Microbial load (Colony forming units/gm)
Treatments 0 Days   30 Days   60 Days   90 Days  
Bacteria Y & M Bacteria Y & M Bacteria Y & M Bacteria Y & M
T1 - - - - - - 3 × 101 7 × 101
T2 - - - - - - 3 × 101 7 × 101
T3 - - - - - - 2 × 101 5 × 101
T4 - - - - - - 2 × 101 5 × 101
T5 - - - - - - 1 × 101 3 × 101
T6 - - - - - - 1 × 101 3 × 101
T7             1 × 101 3 × 101

Table 3: Effect of storage period on microbial load (colony farming units/gm) of tamarind squash at room temperature.

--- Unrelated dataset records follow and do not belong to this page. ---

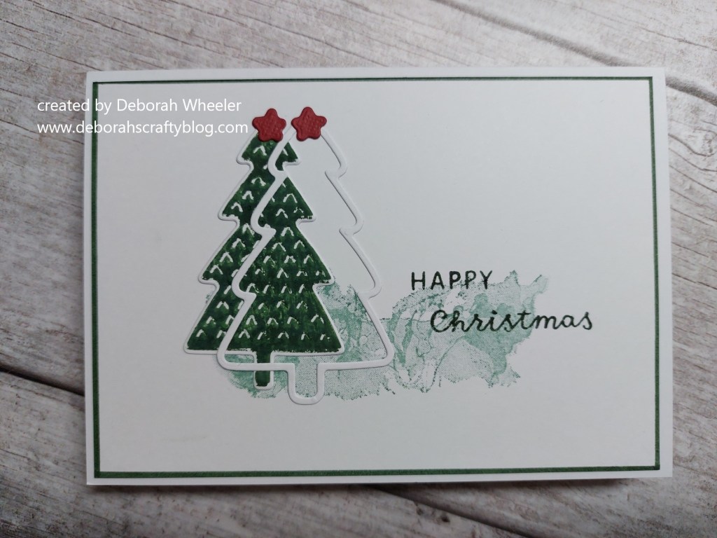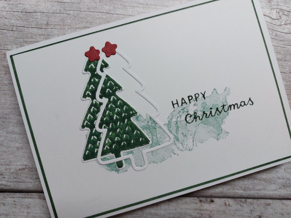I used a ruler and my ‘evening evergreen’ Write marker to draw a narrow border around the card, then attached it to an A6 card blank. I added the sentiment in ‘evening evergreen’ and finished with a couple of stars to top the trees, cut from the ‘spruced up outlines’ dies.
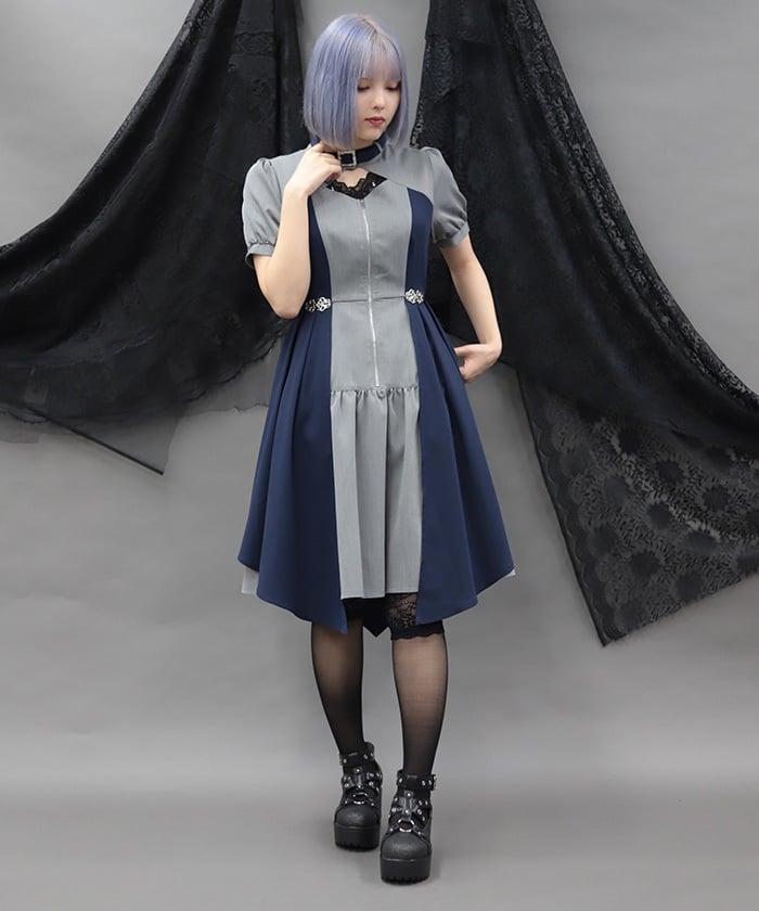 金具デザインバイカラーワンピース
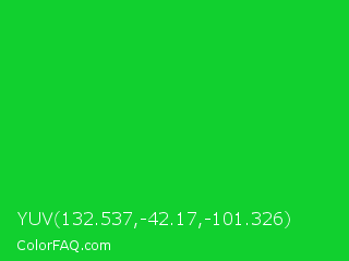 YUV 132.537,-42.17,-101.326 Color is a normal green color and the nearest color is Vivid Malachite #00cc33. Hex code #11d02f and RGB value is rgb(17,208,47). In RGB color space, this color is composed of 7% red, 82% green, 18% blue, In CMYK color space, this color is composed of 92% cyan, 0% magenta, 77% yellow , 18% black , In HSL color space, this color has a hue angle of 129° , 85% saturation and 44% lightness.
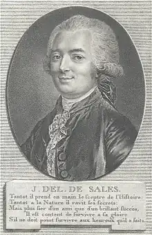 Jean-Baptiste-Claude Delisle de Sales or Jean-Baptiste Isoard de Lisle (29 April 1741 – 22 September 1816) was a French philosopher noted for his multi-edition, multi-volume opus The Philosophy of Nature: Treatise on Human Moral Nature.[1]
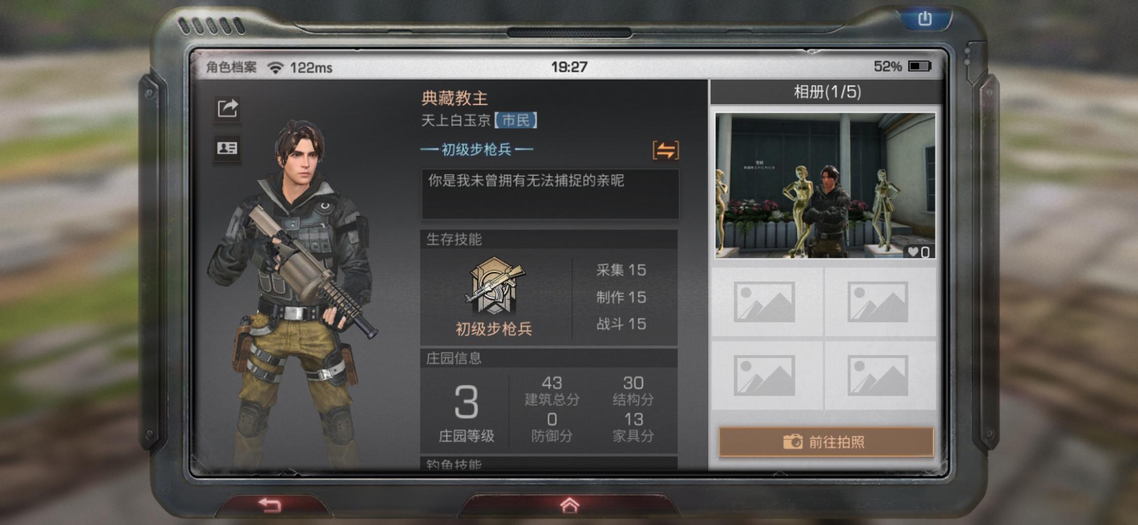 肝了11天明日之后,发现不充钱不行啊,今天又被屠营了。还是个氪金5庄的。营地都蒸汽时代了。顺便交个朋友ID:
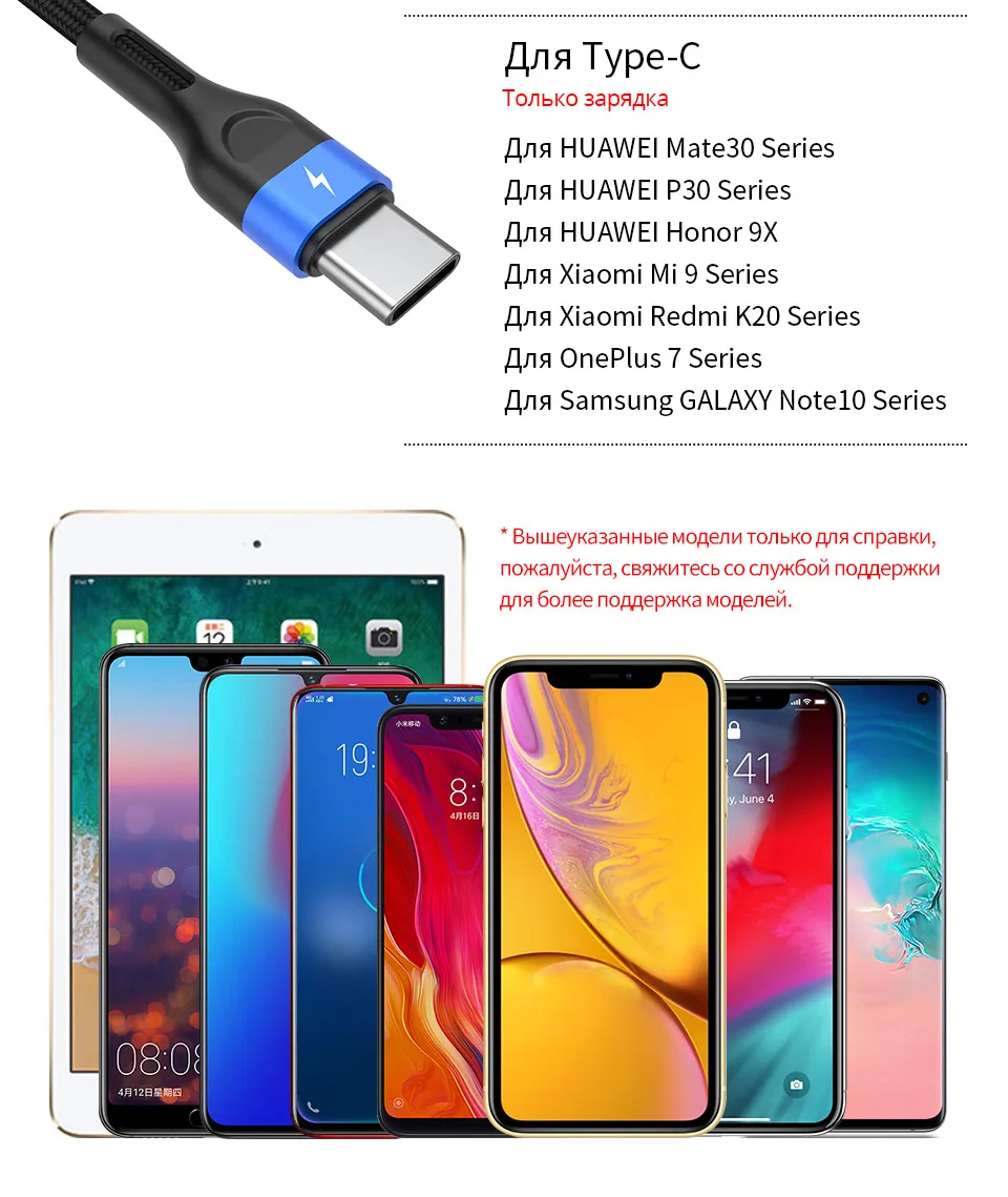 хороший кабель, брал как универсальный в авто, через type-c заряжает, другие разъемы не пробовал, но думаю тоже работаю.

The microbial examination showed (Table 3) that no yeast and mold count was observed till 60 days of storage. T1, T2 recorded higher load (7 × 10-1) followed by T3, T4 (5 × 10-1), and T5, T6, T7 (3 × 10-1) at the end of 90 days storage period. The bacterial growth was observed at 90 days only. T1 and T2 recorded higher bacterial count (3 × 10-1), followed by T3 (2 × 10-1), T4 (2 × 10-1) and the least were observed for T5, T6, and T7 (1 × 10-1) at the end of 90 days’ storage. However, the increase in microbial growth was negligible and within the permissible limits of squash. Application of heat during processing reduced microbial load [18]. This has been reported in watermelon nectar and in mixed fruit RTS beverage by Bidyut et al. [19].

Conclusion

The overall acceptability was highest in squash prepared with 80% tamarind pulp and 20% mango pulp (T6). Negligible growth of microbes was observed in all the treatments. The products stored without any deterioration in physico-chemical, sensory quality and microbial count and are consumer acceptable up to 3 months of storage as per the study. Profit estimated for 1 litre of tamarind squash Rs. 25.00 when compared with locally available products. Hence it can be concluded that blending with mango pulp can bring value addition to tamarind and increase in appearance and taste.